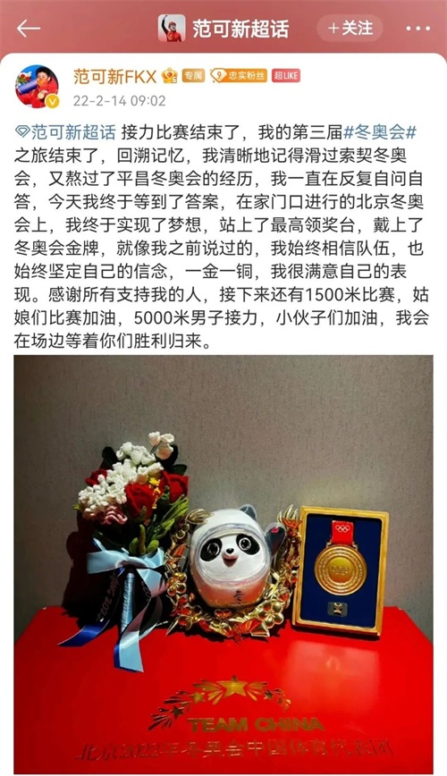今天早上,范可新在微博发文告别北京冬奥会,全文如下:
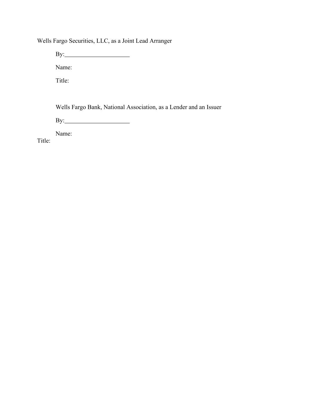 Wells Fargo Securities, LLC, as a Joint Lead Arranger By: Name: Title: Wells Fargo Bank, National Association, as a Lender and an Issuer By: Name: Title:
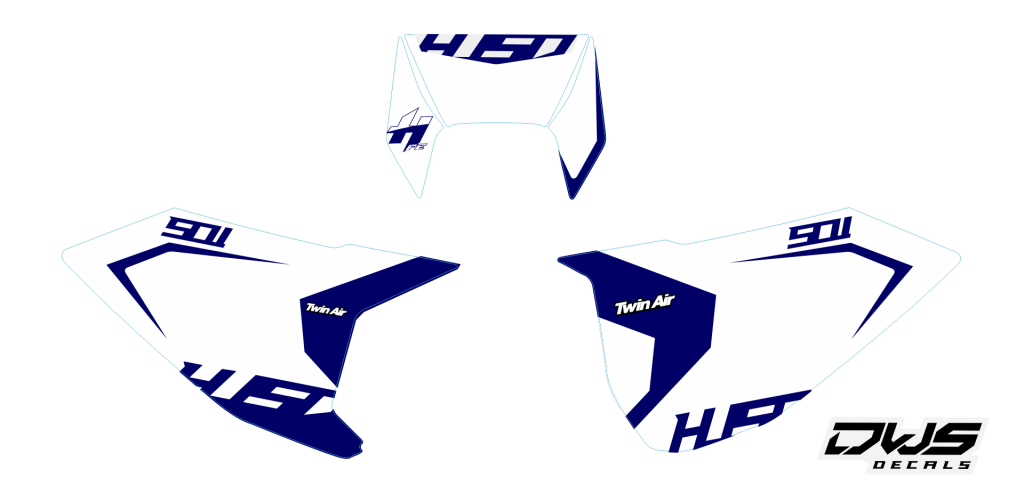 complete stickerset TC 50 husqvarna 2017 2018 dws decals graphics grahics aufklebe decore number decals nummerset blue kotflugel front fender rear fende fork protectors kabel geschutzer side panels new designs DWS decals
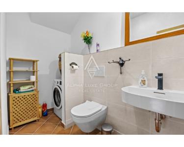 Eine stilvolle Treppe führt ins Obergeschoss, wo sich ein Flur mit Zugang zur Terrasse mit Meerblick befindet, ein Hauptschlafzimmer mit eigenem Bad und begehbarem Kleiderschrank, zwei weitere Schlafzimmer, ein zusätzliches Badezimmer sowie ein separater Waschraum.
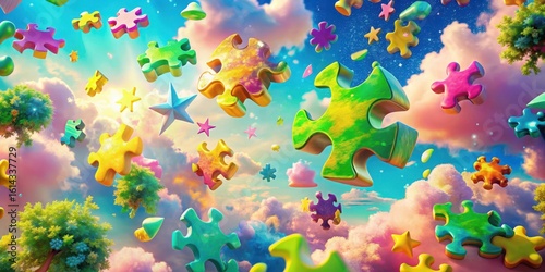 A Whimsical Journey Through a Colorful Puzzle-Filled Sky, Adorned with Lush Greenery and Sparkling Stars
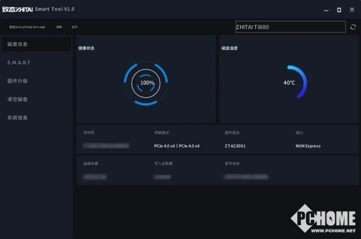 值得一提的是,长江存储还为Ti600开发了智能控制软件Smart Tool,通过这个软件可以查看硬盘的健康状态,运行温度,固件升级,也有清空磁盘等功能,帮助我们更直观地了解自己的硬盘状态,还是十分实用的。
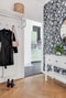Välkomnande hall med fiskbensparkett som möter vitmålade väggar och diskret tapetserade ytor. Här finns goda förvaringsmöjligheter genom praktisk skjutdörrsgarderob samt separat städskåp, vilket bidrar till ett ordnat och stilrent första intryck.
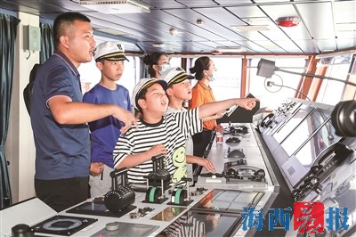 启动仪式结束后,“嘉庚号”船体内部探访之旅开启。孩子们依次参观了甲板、实验舱、资料室以及驾驶室等,聆听工作人员介绍海洋知识。
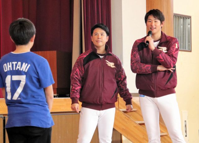 プロ野球東北楽天の藤井聖投手と内星龍投手が、球団の地域貢献活動として仙台市東長町小を訪問し、6年生145人と触れ合った。 2人は20日に同校を訪れ、キャッチ…
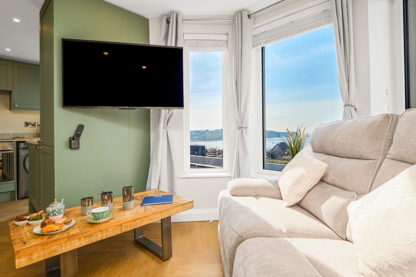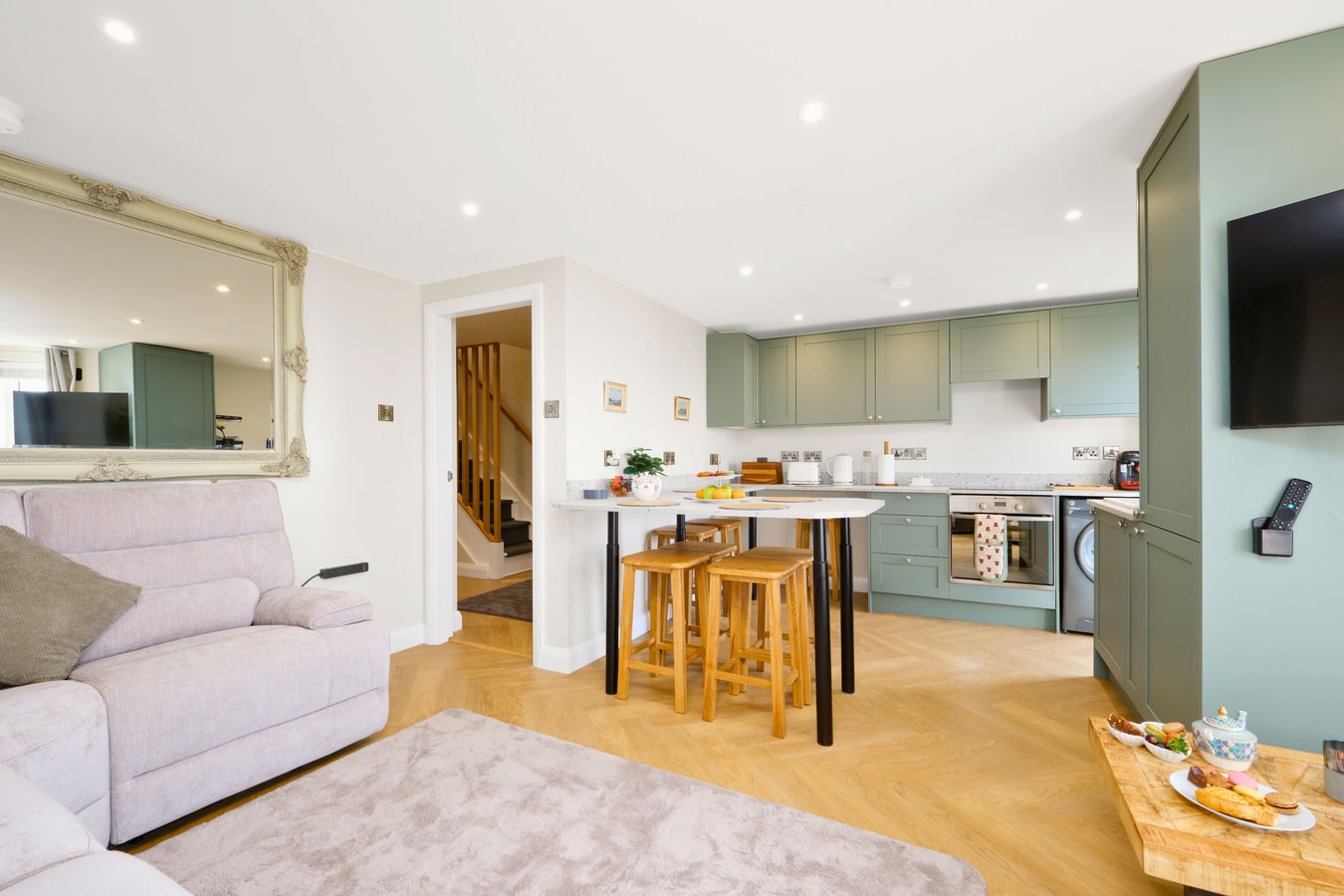 The spacious open-plan living, dining, and kitchen area is designed for relaxed family gatherings or group breaks. Sink into comfortable sofas, enjoy movie nights on the smart TV, or listen to music on the sound system. The breakfast bar table seats everyone comfortably, while large windows flood the space with light and frame those enviable sea views — ideal for checking the surf or watching the waves roll in before heading down to the beach in just minutes.
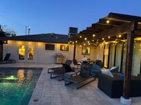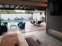The home offers two (2) spacious master suites and three (3) full bathrooms so your group can enjoy quiet moments of relaxation with no compromise in comfort. The great room also features a collapsible wall so you can effortlessly connect (or disconnect) from the backyard action and take in the fresh air here in our sunshine state.

## [Brief]
Repeat only the lines from the line with "Välkomnande hall med" to the end of the entries, including both the first and the last line, and drop every picture.

## [Result for this task]
Välkomnande hall med fiskbensparkett som möter vitmålade väggar och diskret tapetserade ytor. Här finns goda förvaringsmöjligheter genom praktisk skjutdörrsgarderob samt separat städskåp, vilket bidrar till ett ordnat och stilrent första intryck.
 启动仪式结束后,“嘉庚号”船体内部探访之旅开启。孩子们依次参观了甲板、实验舱、资料室以及驾驶室等,聆听工作人员介绍海洋知识。
 プロ野球東北楽天の藤井聖投手と内星龍投手が、球団の地域貢献活動として仙台市東長町小を訪問し、6年生145人と触れ合った。 2人は20日に同校を訪れ、キャッチ…
 The spacious open-plan living, dining, and kitchen area is designed for relaxed family gatherings or group breaks. Sink into comfortable sofas, enjoy movie nights on the smart TV, or listen to music on the sound system. The breakfast bar table seats everyone comfortably, while large windows flood the space with light and frame those enviable sea views — ideal for checking the surf or watching the waves roll in before heading down to the beach in just minutes.
The home offers two (2) spacious master suites and three (3) full bathrooms so your group can enjoy quiet moments of relaxation with no compromise in comfort. The great room also features a collapsible wall so you can effortlessly connect (or disconnect) from the backyard action and take in the fresh air here in our sunshine state.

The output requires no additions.